» WORK ITEM
Your task is to transcribe the data exactly while omitting each picture.

» RECORDS TO USE
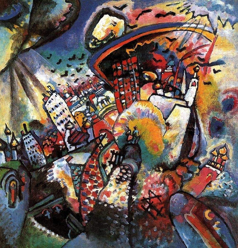«Хор красок» в своих работах создает Василий Кандинский. В своей работе «Москва. Красная площадь» 1916 года он не просто рисует предзакатную столицу, а как теоретик синтеза цвета и звука, создает живописный камертон. Каждый мазок на этой картине звучит по-своему. Например, красный цвет художник всегда ассоциировал со звуком бубна.
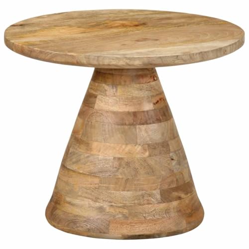 Hoopleep Round Side Table, Solid Mango Wood Construction, 50x40 cm, Robust Accent Furniture for Living Room, Bedroom, Versatile Display Stand for Plants, Photos, Vinyl Player Storage
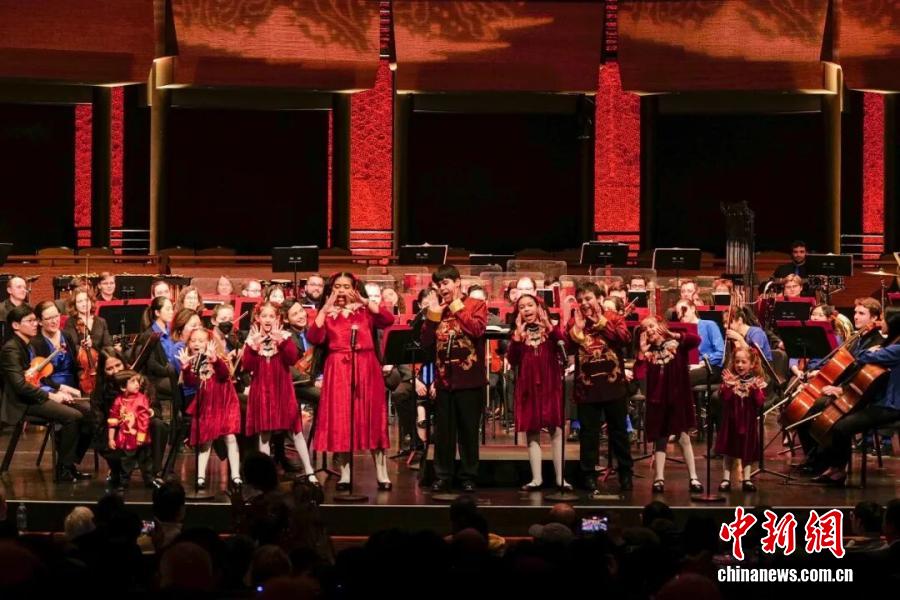當(dāng)?shù)貢r(shí)間2026年2月15日,第七屆“春之聲”中國(guó)新年音樂(lè)會(huì)在美國(guó)紐約林肯中心爵士樂(lè)中心玫瑰劇場(chǎng)舉行。圖為來(lái)自美國(guó)的兒童用中文表演歌曲串燒。 中新社記者 王帆 攝
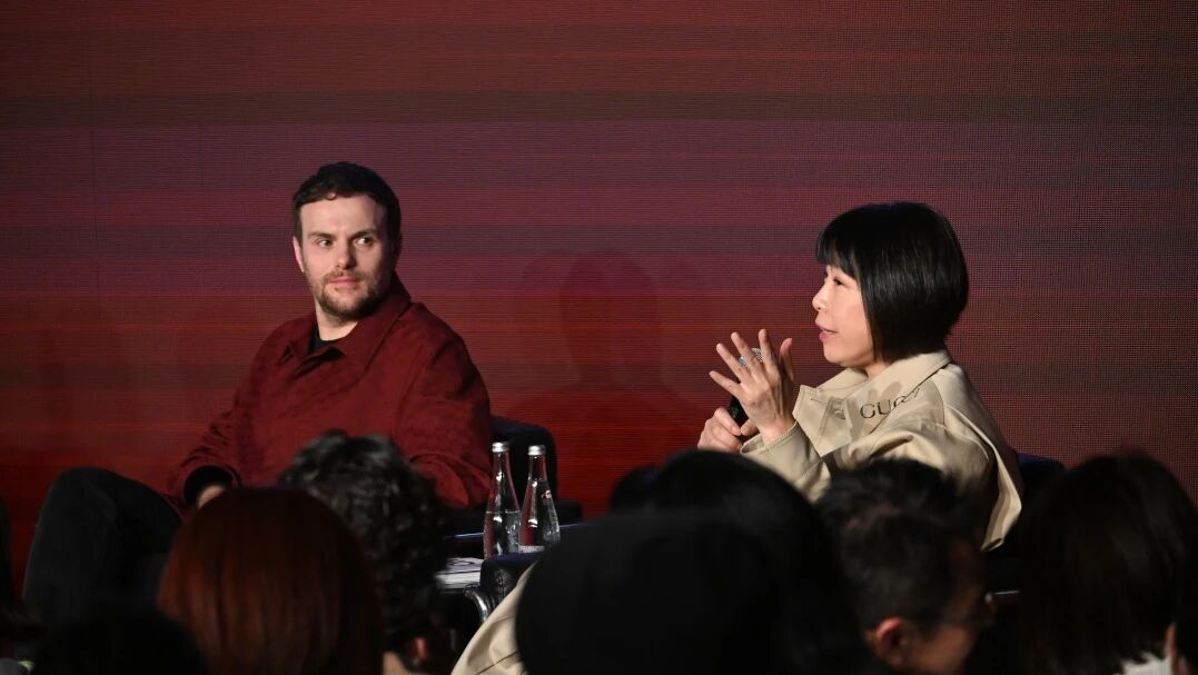 (上海外滩美术馆艺术总监 朱筱蕤) 接着,Sabato De Sarno 与朱筱蕤分享了关于《Gucci Prospettive:Shanghai Ancora》艺术书的创作。 朱筱蕤谈到她的家乡——上海,面对Sabato De Sarno眼中的上海,她很惊喜Sabato De Sarno能注意到上海这座国际化大都市的细节剪影,她表示在他的设计中也能看到像这样的细腻之处。 “简单的事情是最难实现的。如果你谈论颜色,哲学家就会谈论颜色。当你决定做基本的、简单的决定时,这是最勇敢的。”朱筱蕤说。
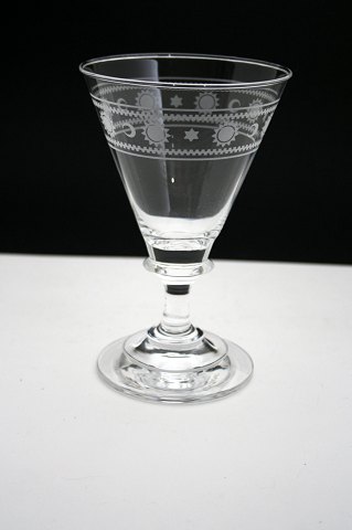 Glas med rund kumme og slebne motiver og kraftig firkantet slebet fod. Bunden har opstukket "blomst" med runde kronblade. Enkelte med mindre afslag på fod.

» ANSWER SPACE
«Хор красок» в своих работах создает Василий Кандинский. В своей работе «Москва. Красная площадь» 1916 года он не просто рисует предзакатную столицу, а как теоретик синтеза цвета и звука, создает живописный камертон. Каждый мазок на этой картине звучит по-своему. Например, красный цвет художник всегда ассоциировал со звуком бубна.
 Hoopleep Round Side Table, Solid Mango Wood Construction, 50x40 cm, Robust Accent Furniture for Living Room, Bedroom, Versatile Display Stand for Plants, Photos, Vinyl Player Storage
當(dāng)?shù)貢r(shí)間2026年2月15日,第七屆“春之聲”中國(guó)新年音樂(lè)會(huì)在美國(guó)紐約林肯中心爵士樂(lè)中心玫瑰劇場(chǎng)舉行。圖為來(lái)自美國(guó)的兒童用中文表演歌曲串燒。 中新社記者 王帆 攝
 (上海外滩美术馆艺术总监 朱筱蕤) 接着,Sabato De Sarno 与朱筱蕤分享了关于《Gucci Prospettive:Shanghai Ancora》艺术书的创作。 朱筱蕤谈到她的家乡——上海,面对Sabato De Sarno眼中的上海,她很惊喜Sabato De Sarno能注意到上海这座国际化大都市的细节剪影,她表示在他的设计中也能看到像这样的细腻之处。 “简单的事情是最难实现的。如果你谈论颜色,哲学家就会谈论颜色。当你决定做基本的、简单的决定时,这是最勇敢的。”朱筱蕤说。
 Glas med rund kumme og slebne motiver og kraftig firkantet slebet fod. Bunden har opstukket "blomst" med runde kronblade. Enkelte med mindre afslag på fod.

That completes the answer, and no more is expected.